Compliance of Bora band®
March 2019Bora band® complies with the standards: ISO 80601-2-61: Performance validated by a clinical study ISO 80601-2-56 clause 201.101.2: Accuracy of skin temperature validated by a laboratory IEC 60601-1, IEC 60601-1- 2 and IEC 60601-1-11: Electrical safety and EMC testing ETSI EN ETSI EN 300 328 V2.1.1 and EN 62479: EMC standard for radio equipment and services IEC 60601-1-1: Validation of home use IEC 60529-1 – IP64: No dust penetration, water resistant SO 10993-5, and 10993-11: Cytotoxicity, sensitization and irritation to assess permanent contact with silicone, polycarbonate, carbon black and stainless steel with intact skin.

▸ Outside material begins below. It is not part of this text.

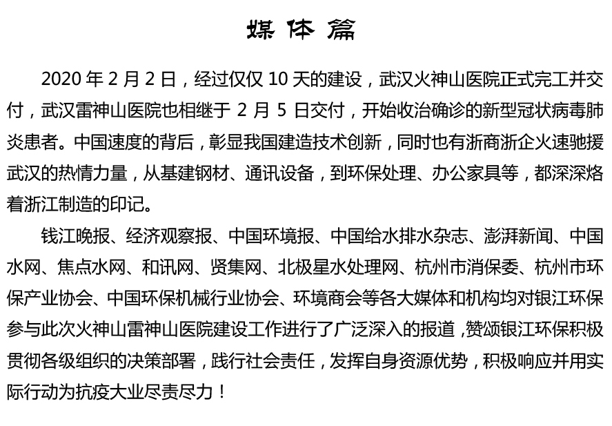 銀江環(huán)保?火神山與雷神山抗疫之戰(zhàn)發(fā)布日期:2020-03-16

ISO 60601-1-6: General safety requirements – Collateral standard: Ease of use
Winner of the i-Nov trophy
February 2020Biosency is the winner of the “Innovation Competition – i-Nov” call for projects in the “deeptech” category. i-nov is a support system financed by the Future Investment Program (PIA) which aims to select innovation projects with particularly strong potential for the French economy.
Obtaining CE DM marking and commercial launch of Bora connect®
March 2020Obtaining certification is a key step in the development of Biosency because it authorizes the marketing of this first service which begins in March 2020. The CE DM certificate, delivered by the notified body BSI, certifies the entire remote monitoring service . See the press release: https://bit.ly/2VL8kIz
Inclusion of the first patient in the e-meuse study
September 2021Biosency, Territoire Innovation winner, is participating in the first large-scale remote monitoring experiment for patients suffering from sleep apnea or COPD. For 3 and a half years, 400 patients will be monitored remotely in order to assess the benefit of treatment integrating connected objects in these chronic respiratory diseases.
Strategic partnership with ResMed
October 2022A new major step in our development has been reached with the signing of a strategic partnership with ResMed, world leader in innovative solutions for the treatment of respiratory disorders. ResMed will thus distribute, in France, the Maghreb and certain European countries, our Bora care® remote monitoring solution, to healthcare professionals who care for patients suffering from respiratory failure.
Early detection of exacerbations
May 2023During the prestigious international conference of the American Thoracic Society (ATS 2023) held in Washington, DC, Yann Le Guillou, co-founder of Biosency, revealed the results of his latest clinical study. These highlight the ability of our BVS3 technology to predict acute exacerbations of COPD (chronic obstructive pulmonary disease) on average 3 days before hospitalization in 86% cases, with only 9% false positives.
Obtaining MDR (Medical Device Regulation) certification
June 2023This certification is proof of our dedication to meeting the strict standards and regulations set out under the European Medical Device Regulation and reinforces our commitment to ensuring the highest level of quality, safety and performance for our medical device, for the benefit of patients and healthcare professionals.
Definitive ANS certification
December 2023Biosency has reached a major milestone by obtaining definitive certification in the interoperability and security framework for digital medical devices for its remote monitoring offer dedicated to patients with respiratory failure.
This achievement not only represents recognition of our commitment to excellence and quality, data protection but also validation of the effectiveness of our innovative solution in the healthcare field.